Holmes, the inventor, modified a 1913 Cadillac by fitting a pair of swinging booms, chains, hooks and pulleys to the back of it and the first tow truck was born. The booms could swing through 90-degrees on each side of the Caddy, to recover vehicles that had run off the road and then the booms joined together, to form a crane jib, so that the stranded vehicle could be towed behind the Cadillac.

An early Holmes wrecker in action. Pic courtesy of Edmonton Towing.Technically, the modified vehicle was a twin-boom ‘wrecker’, not just a ‘tow truck’, because it could recover vehicles that weren’t sitting on a formed road surfaces.
Holmes filed for a patent for his idea in 1917 and then founded the Ernest Holmes Company that built and marketed tow trucks. The company survived the Great Depression and built wreckers for the American war effort in WWII. In 1974, Holmes’ grandsons, Gerald Holmes and Bill Holmes, founded the Century Wrecker Corporation, to build affordable hydraulic towing equipment now used widely in the industry.

Tow trucks and wreckers remained essentially unchanged in principle until the rise in popularity of plastic front and rear bumper bars, independent suspension, automatic transmissions, front-wheel-drive and all-wheel-drive vehicles. All these innovations forced tow truck design to adapt.
Before then, nearly all vehicles were manual-transmission designs, with beam front axles and rear-wheel-drive. Towing them was simply a matter of hooking a chain under the front axle to lift the steer wheels off the ground and putting the transmission into ‘neutral’, so the prop shaft and gearbox could rotate without turning the engine.

Chains didn’t work well with independent front suspension, plastic bumpers and front wheel drive, because bodywork and mechanical damage was inevitable, so ‘towies’ adapted, using hydraulic booms with dual ‘forks’ that fitted under the tyres, not the chassis or suspension.
Even then, some automatic-transmission vehicles and SUVs couldn’t be towed with two wheels rolling, without the risk of transmission damage. A solution was a dual-wheel ‘dolly’ on each side of the front or rear wheels. These dollies were clamped in place and raised by means of a long lever, lifting the vehicle wheels off the ground. Thus the stranded vehicle could be towed without its own wheels rotating.

This ability to lift and tow a locked vehicle proved a boon for ‘repo’ (repossession) truck operators.
Meanwhile, at the heavy end of the tow truck business, three-, four- and five-axle vehicles dominated, fitted with heavy-duty hydraulic booms and drum winches.
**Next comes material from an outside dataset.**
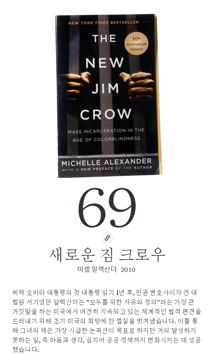 "The New Jim Crow"는 미셸 알렉산더(Michelle Alexander)가 쓴 책으로, 현대 미국에서 대규모 수감이 새로운 형태의 인종 차별적 사회 통제 수단으로 작용하고 있다는 주장을 펼치고 있습니다. 알렉산더는 법률가로서의 경험을 바탕으로, 마약 전쟁과 대규모 수감이 특히 흑인 남성들을 대상으로 한 ‘새로운 짐 크로우’ 체제를 형성하고 있다고 주장합니다. 이 체제는 정의 시스템 내에서 존재하기 때문에 일반 사람들이 관찰하기 어렵다고 합니다.

Because nearly all prime movers retained beam front axles and transmissions with ‘neutral’ gearing it was still possible to tow them by lifting the front wheels clear of the road and leave the drive wheels rolling. Thus, it was also possible to tow a broken-down prime mover and semi-trailer or B-Double combination.
The most recent development in passenger and light commercial recovery is the tilt-tray tow truck.
This design employs a tilting tray that becomes a ramp, up which the stranded vehicle can be driven or winched. The tray surface is usually steel plate, providing minimal friction resistance if the stranded vehicle wheels cannot rotate and a hydraulic winch is need to load it onto the tray.

Some tilt-trays have swivelling ability, so they can parallel double-park and load a kerb-parked vehicle.
Many tilt-tray tow trucks are crew-cab types that can accommodate up to five occupants from the stranded vehicle. Also, this design allows the tow truck to hook up a caravan or other trailer that the stranded vehicle may have been towing.

The truck that we encountered over the Xmas break was well specified, starting with a tilt tray that had a hinged aft section. This design allowed the approach angle to be as low as three degrees, making it possible to load vehicles with ground-hugging front spoilers.
It had more chrome and stainless than a custom Peterbilt – even a polished spare wheel cover – as well as trick lighting to make its roadside presence more than obvious. Thanks for the slick service, Craig!